А некоторые театры, в которых «Камелот» ставился и до этого, смогли воспользоваться огромным преимуществом. Таковым был, например, оперный театр в Чикаго, в котором как раз в это время шел мюзикл «Камелот». Кинокомпания «Уорнер Бразерс» экранизировала этот мюзикл. Он также был поставлен на Бродвее в Нью-Йорке (музыка Фредерика Лоу, в главных ролях были заняты Луис Хейуорд, Ричард Бартон и Джули Эндрюс), а затем совершил тур по всей стране.

О представлении, которое шло как раз после появления в печати интервью Жаклин Кеннеди, рассказывалось: «Луис Хейуорд играл короля Артура. Когда он появился на сцене, в зале раздался внезапный плач. Это не было подавляемое всхлипывание, это был громкий, чуть ли не спонтанный крик, вызванный болью. Спектакль был остановлен и почти пять минут все в театре — на сцене, за кулисами, в оркестре, в зале — плакали, не сдерживая слез. Затем спектакль возобновился»{673}.
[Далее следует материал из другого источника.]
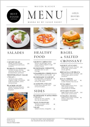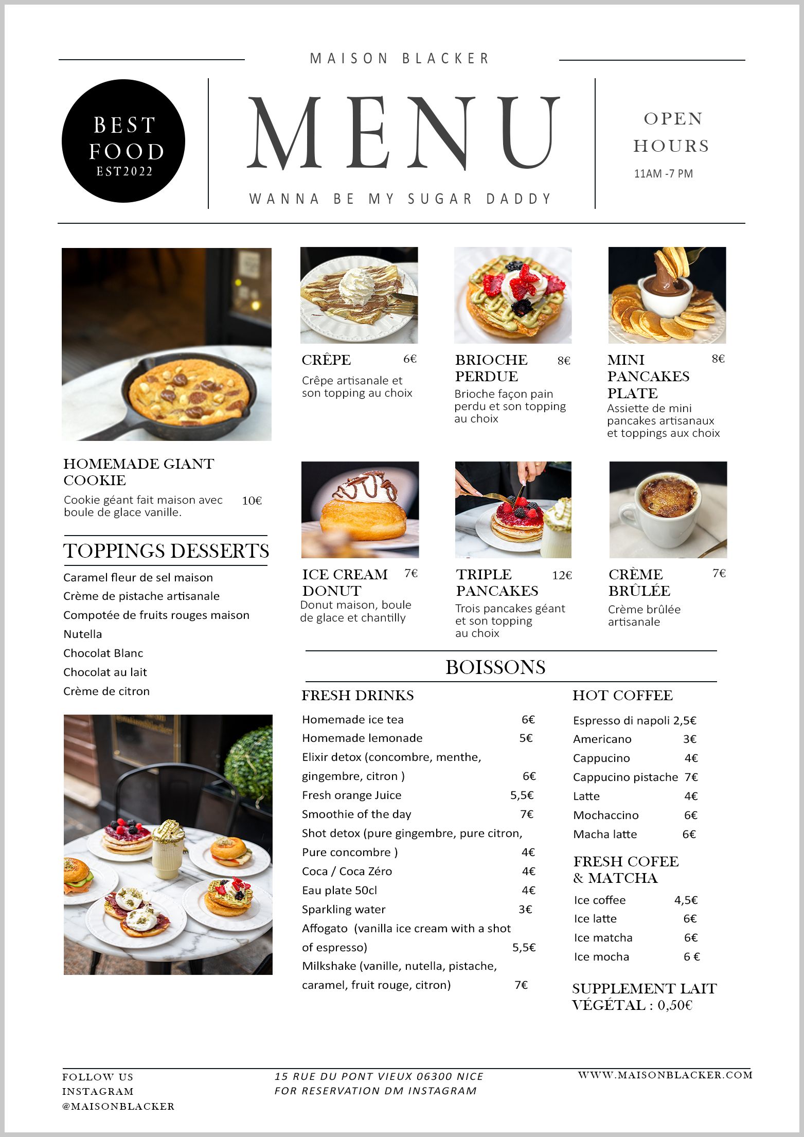 J'ai réalisé un design élégant et moderne pour le menu du restaurant Maison Blacker, en mettant l'accent sur une présentation visuelle claire et attrayante. Le choix des couleurs et des typographies reflète l'identité de l'établissement : une alliance entre tradition et modernité.

Нам, однако, пора возвратиться к первой леди и ее высокопоставленному мужу. Следует еще раз отметить, что брак с сенатором, а затем президентом, учитывая все его личные, мягко скажем, особенности, был для гордой и считавшей себя самодостаточной женщины унизительным, несмотря на высокое общественное положение. Об этом свидетельствует многое.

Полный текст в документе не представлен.